O Fuji-san tem 10 estações ao longo dos diferentes caminhos. Quando fui, nosso grupo começou a subir a partir da 5a estação. Chegamos às 10 da noite e planejamos atingir o topo às 4h30 - uma estimativa um tanto quanto otimista. Quando chegamos no Fuji-san a noite, não fazemos idéia do que está a nossa espera, e isso é muito bom! (Do contrário, acho que não teríamos motivação suficiente para encará-lo.) É tudo uma grande escuridão, com exceção das lanternas dos viajantes. De fato, só encontramos o caminho por onde deveríamos ir após seguir a fila de luzinhas, que lembrava mais um "enxame" de vaga-lumes. (Essa situação me lembrou algumas cenas do meu anime Japonês favorito, em que linhas intermináveis de pessoas andam vagarosamente por um vale deserto até um enorme desfiladeiro, onde elas se deixam cair para chegar no Mundo dos Mortos .[2])
Não há barulho lá em cima no Fuji-san. Não há sons de animais, não há rios, não há árvores: não há nada. Apenas as distantes luzes das estações, e o som cansado dos viajantes que se arrastam morro acima nos caminhos das pedras. Mesmo subindo em grupos, o sentimento de solidão é inevitável. Nas montanhas, no silêncio e na escuridão da noite, os ecos da mente ganham um volume incrivelmente alto.
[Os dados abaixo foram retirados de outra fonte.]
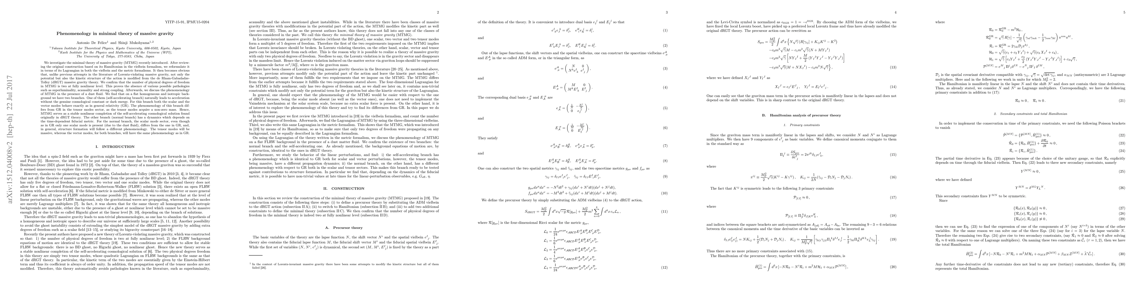 This paper reformulates the minimal theory of massive gravity (MTMG) in Lagrangian terms and confirms it has two physical degrees of freedom, avoiding pathologies. It explores MTMG's phenomenology in a dust fluid context, identifying two branches: a self-accelerating branch that mimics general relativity except for massive tensor modes, and a normal branch with distinct scalar mode dynamics and massive tensor modes.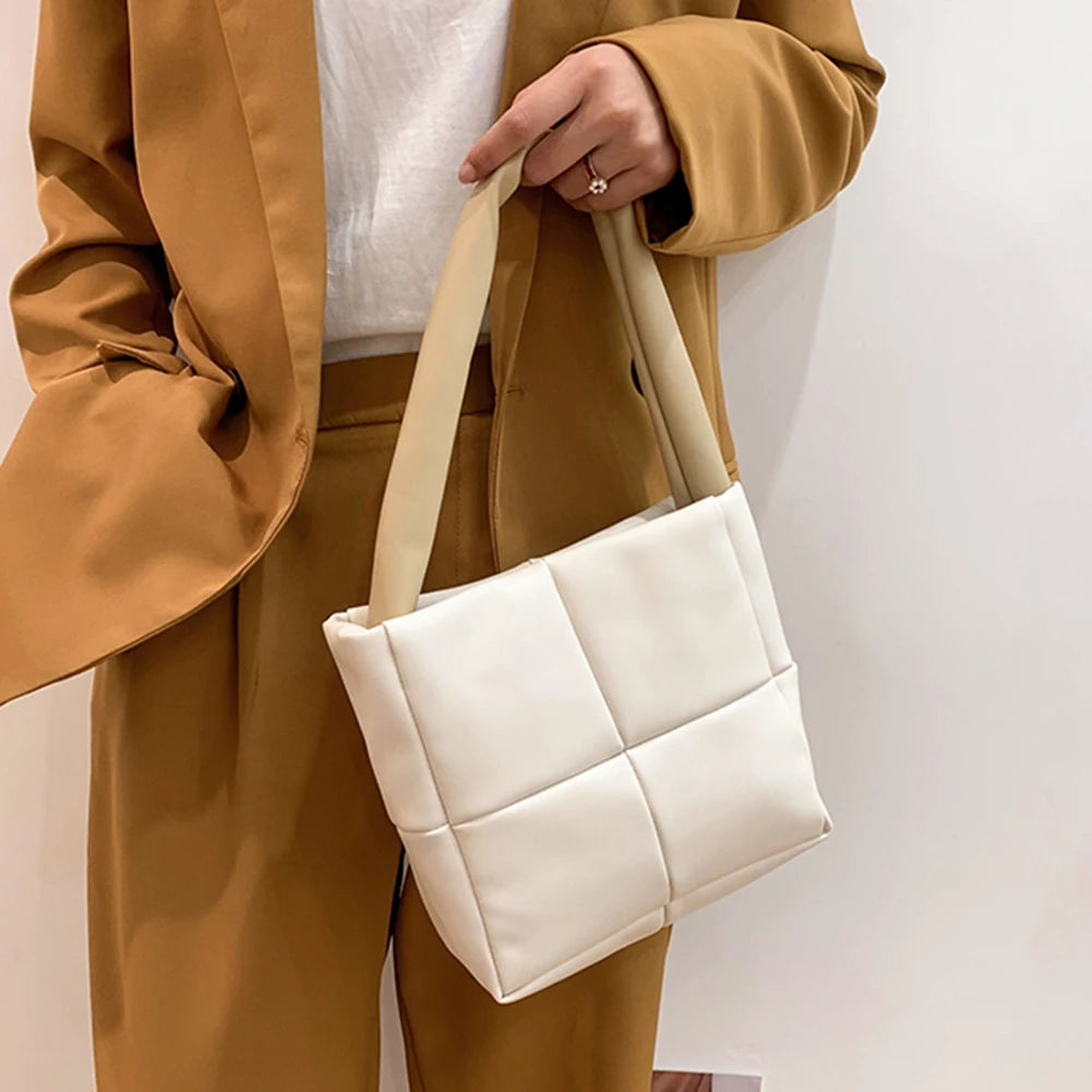 Stay stylish with this fashionable handbag featuring a lattice pattern design. Made of space cotton, it's perfect for winter with its padded quilted nylon material. Ideal for travel and daily use.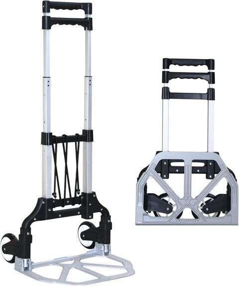 LOT C-140 - Folding Hand Truck Dolly Cart Aluminum Portable Hand Cart for Daily handling Work 180lbs, with Silent Wheel Telescoping Handle Black Bungee Cord, Can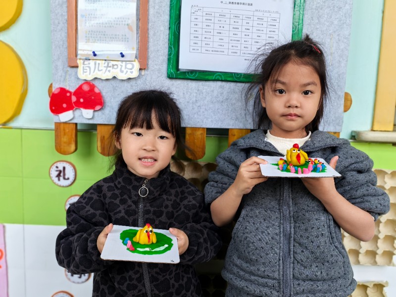 可爱的鸡宝宝在小朋友手里活灵活现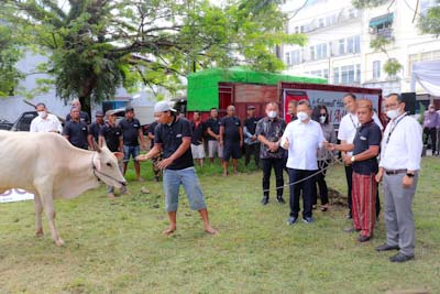 Hal itu disampaikan oleh Direktur Utama BSG Revino Pepah kepada sulutnewstv.com disela giat penyembelihan Hewan Kurban oleh BSG dalam rangka Hari Raya Idul Adha di Area Marina Plaza Manado, Senin(10/7/2022).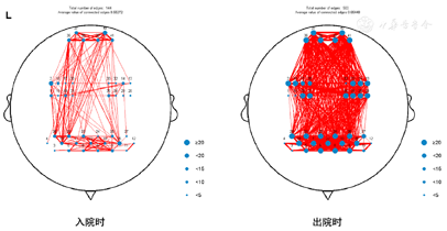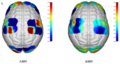 2.近红外静息态脑功能检查提示全脑氧合血红蛋白含量低,全脑功能连接下降,左侧前额叶功能连接显著下降,见图1,图2,图3。

No começo da jornada, o tempo estava bem agradável: fazia um dia típico de verão quando deixamos Tokyo: uns 35 ºC, quente e úmido; e o Fuji-san estava a refrescantes 23 ºC na estação 5 aquela noite. Porém, conforme adentrávamos na noite (e subíamos a montanha), a temperatura caiu bem abaixo de 10 ºC e uma garoazinha persistente nos pegou no meio do caminho. Em algum lugar entre as estações 8 e 9, já a mais de 3100 metros de altitude, me achei sozinho, sentado em uma pedra, todo molhado e tremendo. Olhando para cima, as luzes quentes da estação 9; para baixo, uma grande fila de lanternas de LED. Aparte disso, era tudo uma grande escuridão com um punhado de estrelas brilhando sobre minha cabeça, e algumas luzes da cidade num horizonte distante, espalhadas sob as nuvens.
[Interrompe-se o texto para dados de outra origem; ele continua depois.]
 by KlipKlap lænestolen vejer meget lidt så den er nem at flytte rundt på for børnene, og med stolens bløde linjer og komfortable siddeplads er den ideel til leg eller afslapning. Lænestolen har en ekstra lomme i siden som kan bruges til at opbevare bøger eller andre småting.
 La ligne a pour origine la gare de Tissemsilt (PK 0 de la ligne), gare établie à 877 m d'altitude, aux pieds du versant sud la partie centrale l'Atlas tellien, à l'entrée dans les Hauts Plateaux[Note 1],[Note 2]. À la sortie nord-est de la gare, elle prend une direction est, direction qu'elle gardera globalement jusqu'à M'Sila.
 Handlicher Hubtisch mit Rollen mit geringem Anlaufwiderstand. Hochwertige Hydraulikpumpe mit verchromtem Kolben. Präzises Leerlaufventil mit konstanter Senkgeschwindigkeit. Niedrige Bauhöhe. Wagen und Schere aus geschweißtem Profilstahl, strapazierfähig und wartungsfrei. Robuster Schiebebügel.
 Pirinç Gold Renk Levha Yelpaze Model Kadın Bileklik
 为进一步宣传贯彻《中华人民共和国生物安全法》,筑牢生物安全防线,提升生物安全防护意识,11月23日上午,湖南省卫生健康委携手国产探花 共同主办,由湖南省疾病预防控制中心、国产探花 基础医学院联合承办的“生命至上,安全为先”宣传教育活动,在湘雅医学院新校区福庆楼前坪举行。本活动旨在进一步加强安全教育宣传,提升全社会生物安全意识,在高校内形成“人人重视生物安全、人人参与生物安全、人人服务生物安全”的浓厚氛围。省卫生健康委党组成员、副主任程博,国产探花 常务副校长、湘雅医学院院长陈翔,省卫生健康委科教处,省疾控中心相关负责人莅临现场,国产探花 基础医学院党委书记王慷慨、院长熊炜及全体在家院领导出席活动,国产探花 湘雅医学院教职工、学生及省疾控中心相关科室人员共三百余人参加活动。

Não faço idéia de quanto tempo fiquei lá observando as estrelas e olhando na escuridão, mas naquele breve instante compreendi porque os grandes sábios refugiam-se nas montanhas para meditar e orar. Buda foi para as montanhas quando deixou seu palácio à procura da verdade; Jesus se retirava às montanhas para conversar com Deus [3], e Moisés também [4]. Por sinal, diz-se que a primeira subida do Fuji-san que se tem notícia foi feita por um monge, em 663 d.C.
Nas montanhas, você está totalmente sozinho. Se você escorregar, dar um passo sequer mal-calculado, você morre. Se não usar toda sua concentração e não estiver totalmente presente e atento em cada passo, pode ser o fim da linha - especialmente à noite. Em algumas partes da subida, tivemos que literalmente escalar, usando ambos pés e mãos. Um movimento desatento, e toda sua vida - e dos outros que estão próximos - está em risco. Por isso, atenção é super importante.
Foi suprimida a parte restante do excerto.